I was wondering what the thoughts are on PUL vs. Nylon? It seems like everyone is using PUL, but the ones I have are not breatheable (I've heard some are?). So, what are the Pros & Cons of PUL vs. Nylon?


----------



## Artisan (Aug 24, 2002)

I'm not an expert and haven't done a ton of research on this, but I prefer nylon over PUL any day. I do think PUL (especially the 2 ml laminate) is probably more waterproof, but it isn't breathable at all. For example, my beloved quick dry Angel Wraps use nylon instead of PUL. My DS can wear those without any problems or redness. If he spends too long in a PUL diaper, he gets red and sore. That says to me that the nylon is more breathable than the PUL. Same goes for Bummis covers -- no problems with those. I guess it could also be that he's just sensitive to one of the chemicals in the PUL. But anyway, that's my experience.

Oh, and the nylon is much softer, IMO. Less stiff feeling.


----------



## LoriG (Feb 27, 2003)

Well, I personally prefer nylon over PUL. I do use PUL in my covers, because it seems to be the preference of the majority.
I know that PUL is softer than nylon and doesn't make any crinkly sounds, but I don't know. I just like the feel of nylon better for some reason!


----------



## HeatherSanders (Jul 20, 2002)

I 'prefer' nylon over PUL as well.
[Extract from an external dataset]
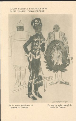 Descrizione: 29: Iddio punisce l'Inghilterra / Louis Raemaekers. - Milano: Società editoriale milanese, [1917]. - 1 cartolina illustrata: fototipia, b/n ; 140x90 mm.

I like fitted diapers and cpfs over all-in-ones for this reason. ALTHOUGH Terri's (FMBG) AIOs do not leave Kenny red for some reason. I'm certain she uses PUL - maybe there are certain levels of breathability. Kenny's buttkicker diaper is the only all-in-one (outside of pocket diapers) that we ever use. A 'show' diaper.


----------



## Azadeh (May 26, 2003)

I like PUL better... Remember, there are many PUL covers that are breathable because of the way the snaps are positioned! There are opennings where air can go in and out.










Azadeh


----------



## m&m mom (Mar 8, 2003)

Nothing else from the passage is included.